Financial Daily from THE HINDU group of publications
Tuesday, Apr 08, 2003
Industry & Economy
BHEL ancillaries form cluster for growth
TIRUCHI, April 7
SOME eight years ago, the small-scale units that did job works for BHEL, Tiruchi, looked to be in danger of extinction, because BHEL's own fate was under a cloud.
The SSI units weathered the storm by scrounging business from other sources, such as the windmill manufacturers. Many of the units had to suffer delayed or non-payment, but they managed to survive.
Today, business from BHEL is looking up, as the public sector giant has established itself as the least cost equipment of power equipment. While the MNCs are getting business from the projects that are receiving "tied-grants" from their governments, BHEL has been winning projects that come under competitive bidding.
Correspondingly, the volume of business, from BHEL to the ancillaries, has grown from about 8,000 tonnes (of material given for conversion) in 1993-94, to about 60,000 tonnes now. In terms of value (of conversion), business increased from about Rs 10 crore to Rs 100 crore in the same period.
Thus, the problem facing the SSI units in Tiruchi, is not sustenance. The problem, rather, is how to grow further.
For, it appears that business from BHEL has reached a plateau. It has been about Rs 100 crore worth, in the last three years.
The SSI units do have come up with an answer. A three-pronged strategy for growth. First, turn themselves into product suppliers, rather than job workers, for BHEL. Several products which BHEL buys from elsewhere and which can be manufactured by the ancillaries have been identified.
Second, make use the `cluster development programme' of the Central Government, and reap a variety of benefits.
Third, develop expertise for on-site jobs, so that they would not have to be dependent solely upon BHEL for business.
There are about 300 small-scale units with a 20 km radius of BHEL, Tiruchi, which employ about 10,000 workers. Most of them are very small, with turnover ranging from Rs 30 lakh to Rs 1 crore (excluding material cost).

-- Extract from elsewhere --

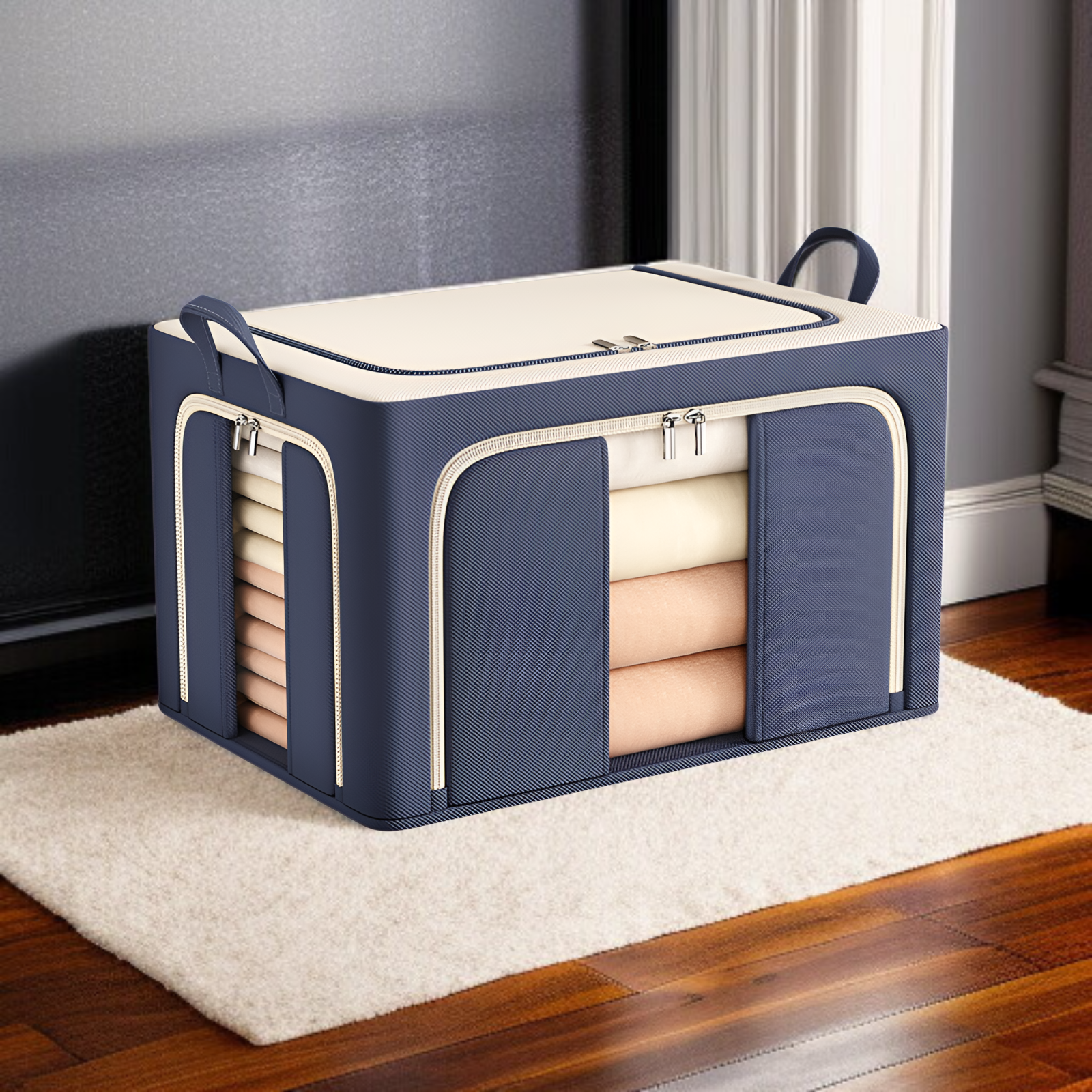 ● Faltbare Kleideraufbewahrungsbox mit robustem Stahlrahmen sorgt für höchste Stabilität und eine langlebige Nutzung im Alltag. ● Praktische dreiseitige Öffnung ermöglicht einen bequemen Zugriff auf Ihre Kleidung und Futons, ohne die Box komplett zu entleeren. ● Stapelbares Design spart wertvollen Platz im Kleiderschrank und sorgt für eine ordentliche und übersichtliche Aufbewahrung. ● Ideal für Futons, Decken oder saisonale Kleidung – schützt zuverlässig vor Staub, Feuchtigkeit und Schmutz.
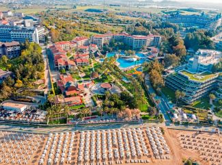 На 60 км. от летище Анталия и на 3 км. от Сиде. Стаи Супериорни стаи - с изглед градина (land view) и страничен изглед море, площ 33 кв. м., разположени в основната сграда. Делукс стаи - с изглед море, площ 33 кв. м., разположени в основната сграда. Суити - между 45-57 кв. м. Всички стаи са оборудвани с централна климатична система, телефон, сателитна телевизия, сешоар. Разполагат с балкон/тераса. Плаж Собствен пясъчен плаж, с безплатно използване на чадъри и шезлонги. С платформа и зона за възрастни. Ресторант Основен ресторант - All Inclusive база с бюфет. А ла карт ресторанти - интернационален, турски, източен, средиземноморски. Барове - лоби бар, бар край басейна, плажен бар, диско бар. Развлечения Основен външен басейн, детски басейн, басейн с водни пързалки, плажен волейбол, тенис на корт, мини голф, водна гимнастика, тенис на маса, дартс, йога. Детски клуб за деца 4-7 г., забавления за младежи 8-11 г. и тийнейджъри 12-18 г. СПА център. |

About 160 of them are members of the `BHEL Small Scale Industries Association (TN)'. In all, there is about 80,000 tonnes of fabrication capacity, or, about 20,000 tonnes more than the jobs BHEL gives them.
With BHEL's help, the Association has identified that products such as dampers, pumps, motors, fire fighting equipment, valve actuators, control panels and electro-forged floor grills, could be made by the units and supplied to BHEL. The PSU is now buying these products from other sources.
The Central Government has identified Tiruchi as one of the `clusters', under the cluster development programme. To make use of this, the ancillaries of BHEL have recently formed a company, under Section 25 of the Companies Act (non-profit companies), styled `Trichy Engineering and Technology Cluster Ltd'.
This company would receive the Rs 50-crore Government grant (over a five year period), under the cluster development programme. The units would have to bring in another Rs 16.66 crore, so that the Government's grant forms 75 per cent of the total corpus of the cluster.
This money is to be utilised for creating some common facilities, such as material handling systems and testing and calibration facilities, so that there is infrastructure available on hire. The cluster would also source raw material in bulk, therefore cheaper, for its members.
As regards beginning to do on-site work, the Association feels there is a need for some hand-holding initially. "There is a potential for doing 200,000 tonnes of work, on-site," says Mr R. Rajappa Rajkumar, President, BHEL Small Scale Industries Association.
Mr M. Kannappan, Additional General Manager (Ancillary Development and Sub contracting), BHEL, is ready to help. He said he recently took a team of ancillary unit representatives to NTPC's plant at Ramagundam in January, to acquaint them with the nature of the on-site work.
The team came back with enhanced confidence, but many units feel that on-site jobs should be undertaken by groups of units, rather than individually.
"How to manage the local labour is a big question," feels Mr K.G. Muralidharan, Secretary of the Association. But the general feeling is that it is only a matter of time before the fabrication units start accepting on-site jobs.
With this three-pronged strategy, the Association expects the total value of business to grow to about Rs 250 crore by 2005 and to about Rs 500 crore in the next ten years.